Thailand’s state enterprise super board chaired by junta leader Prayuth Chanocha has ordered the two state telcos CAT Telecom and TOT Corporation to focus on providing wholesale services and cease cloud and hosting services to cut costs.
The two were ordered to focus on fixed lines, broadband Internet, international Internet gateway, international cables, international phone calls and basic infrastructure.
The two will have to report back within a month whether the telecommunications infrastructure and even their mobile businesses are viable or not.
Meanwhile, vultures are already circling TOT looking at its 15-MHz slice of 2.1-GHz spectrum for 4G LTE services.
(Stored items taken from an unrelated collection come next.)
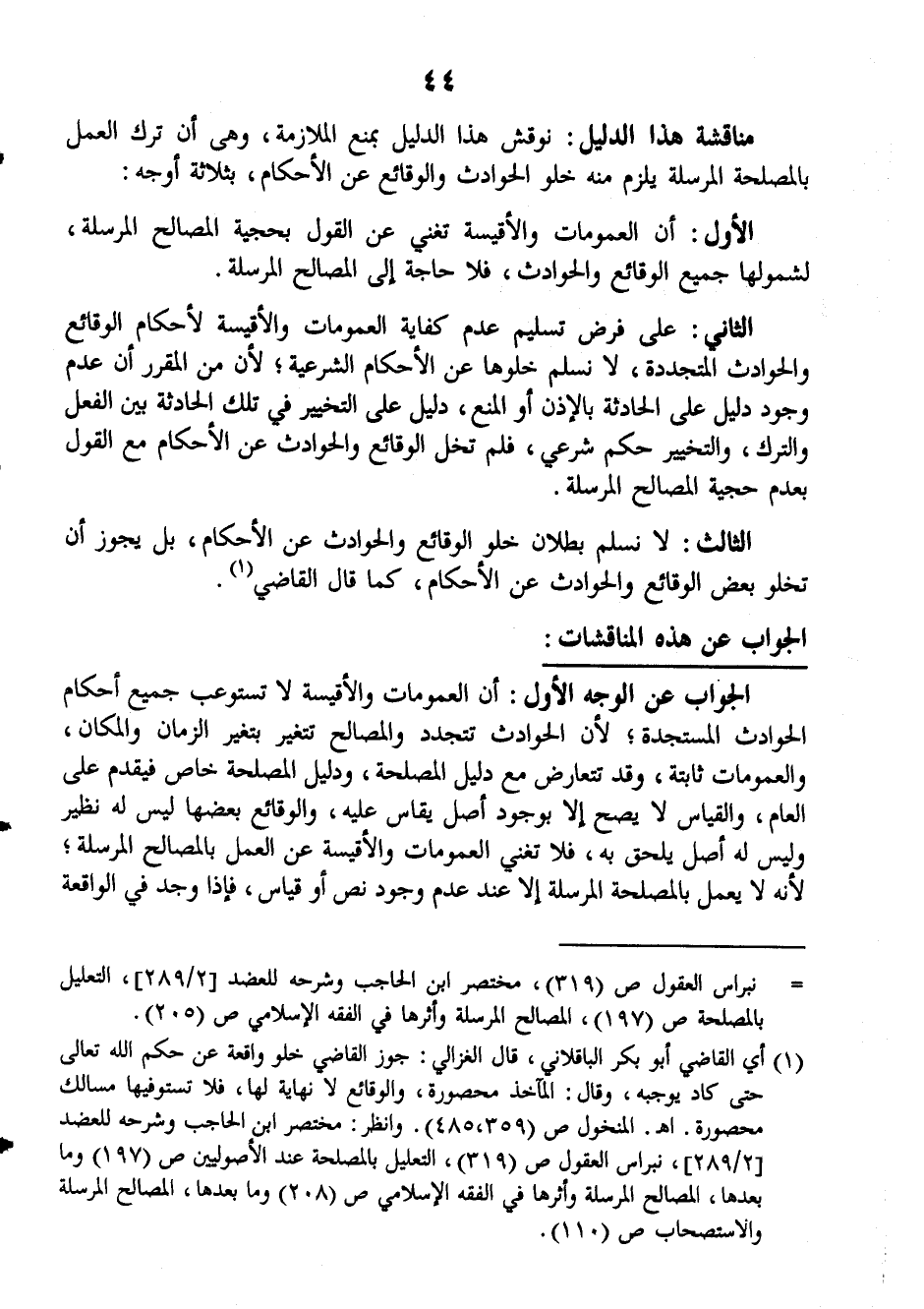 الجواب عن الوجه الأول: أن العمومات والأقيسة لا تستوعب جميع أحكام الحوادث المستجدة، لأن الحوادث تتجدد والمصالح تتغير بتغير الزمان والمكان، والعمومات ثابتة وقد تتعارض مع دليل المصلحة، ودليل المصلحة خاص فيقدم على العام والقياس لا يصح إلا بوجود أصل يقاس عليه، والوقائع بعضها ليس له نظير وليس له أصل يلحق به، فلا تغني العمومات والأقيسة عن العمل بالمصالح المرسلة، لأنه لا يعمل بالمصلحة المرسلة إلا عند عدم وجود نص أو قياس، فإذا وجد في الواقعة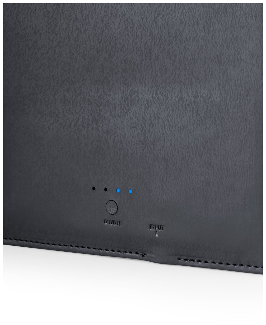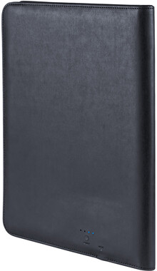 Sloha na dokumenty z PU kůže s 5000 mAh power bankou, 20 listým blokem a stojánkem na tablet. Vč. nabíjecího USB kabelu.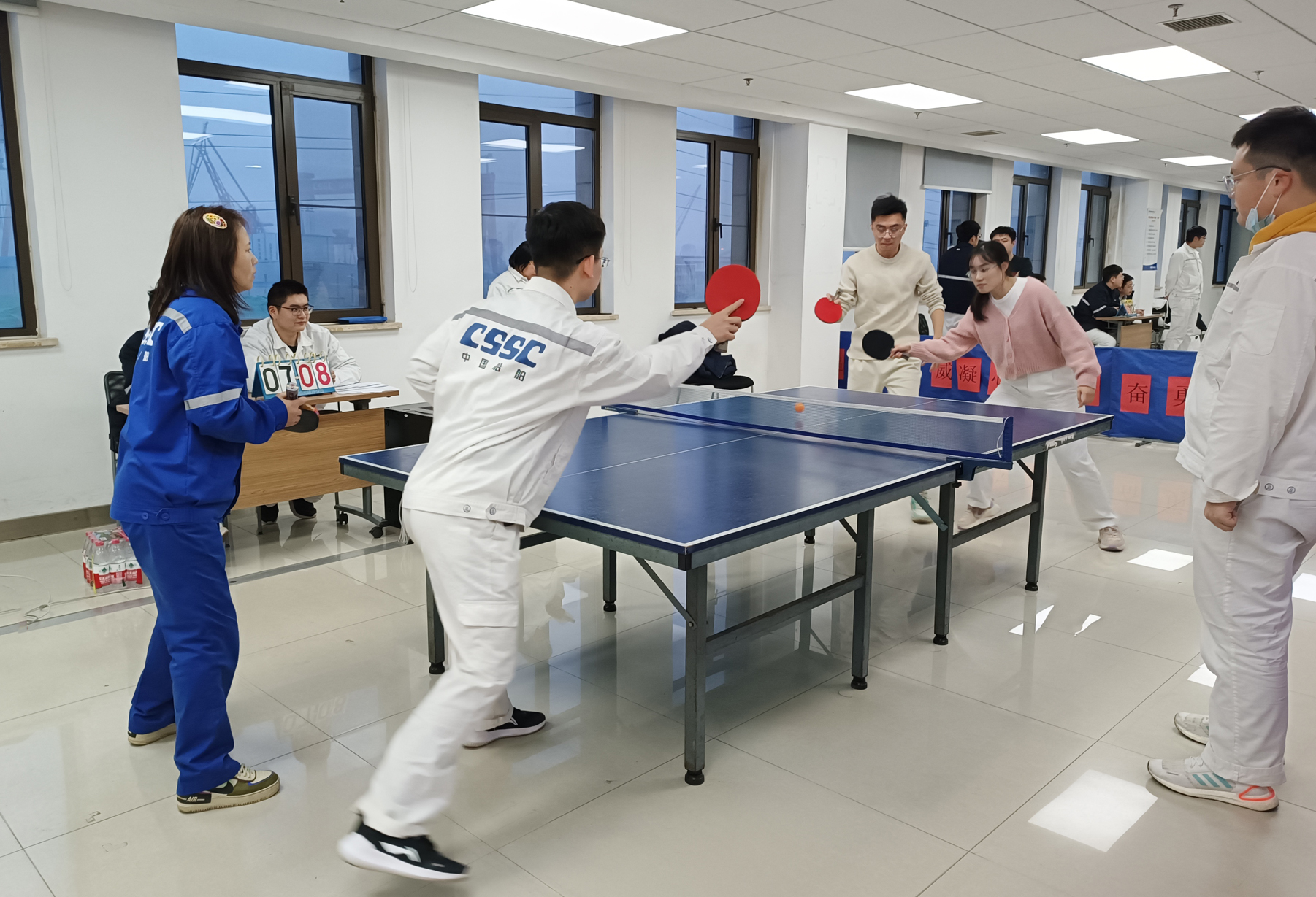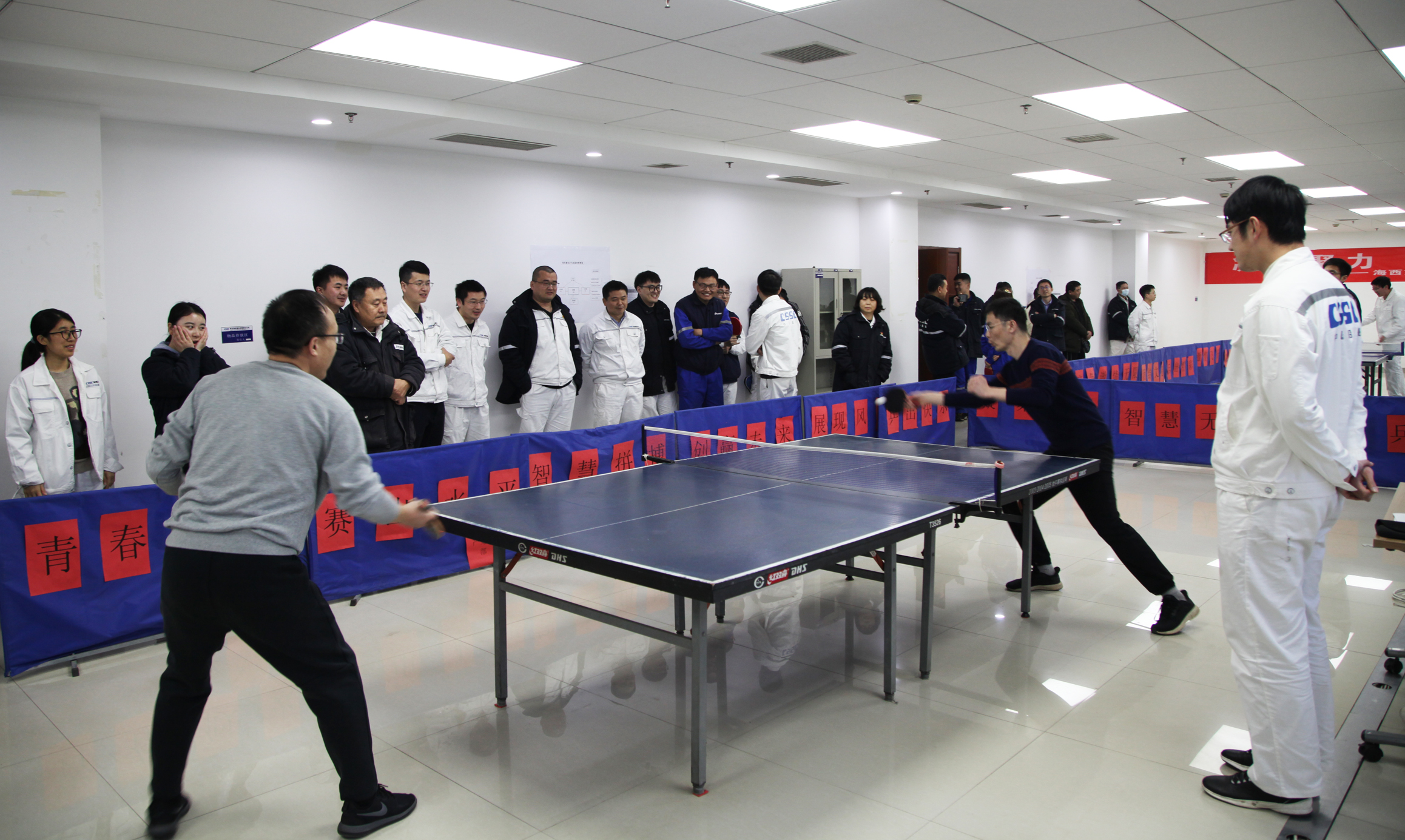 陽(yáng)春三月,疫去春來(lái),萬(wàn)物復(fù)蘇,備受期待的中國(guó)船舶集團(tuán)旗下武漢船機(jī)海西重機(jī)公司第五屆乒乓球團(tuán)體賽于2月28日揭開(kāi)序幕。比賽獲得了大家的積極響應(yīng),來(lái)自各黨支部及部門(mén)的8支代表隊(duì),50余名職工參加了此次比賽,歷經(jīng)3天激烈角逐,于3月2日?qǐng)A滿(mǎn)落幕。最終,項(xiàng)目管理黨支部隊(duì)勇奪桂冠,生產(chǎn)保障部隊(duì)、港機(jī)所隊(duì)分別獲得亞軍、季軍。公司黨委副書(shū)記、紀(jì)委書(shū)記、工會(huì)主席朱聲凱到比賽現(xiàn)場(chǎng)為選手們鼓勁加油,并為獲獎(jiǎng)人員頒獎(jiǎng)。

Chief of these is AIS-affiliated LTE Mobile which is understood to have offered TOT a MVNE type deal to take on its crumbling 3G network, roll out 4G and provide services back to TOT.
A source, speaking on condition of anonymity, said that Mobile LTE would offer TOT 25% shares in the company (registered capital of $3.03 million or 100 million baht) and a further $76 million (2.5 billion baht) per annum.
“It is not an MVNO. It is a takeover bid [of TOT] by Mobile LTE.
“The biggest sign of this being a cover-up deal to gain control of TOT is that they mention they aim for 12-15 million subscribers – that is not an MVNO, that is a mobile network operator,” the source said.
TOT’s 3G network, the first to launch commercially in Thailand in December 2009, has not been maintained and cell sites are failing without being fixed.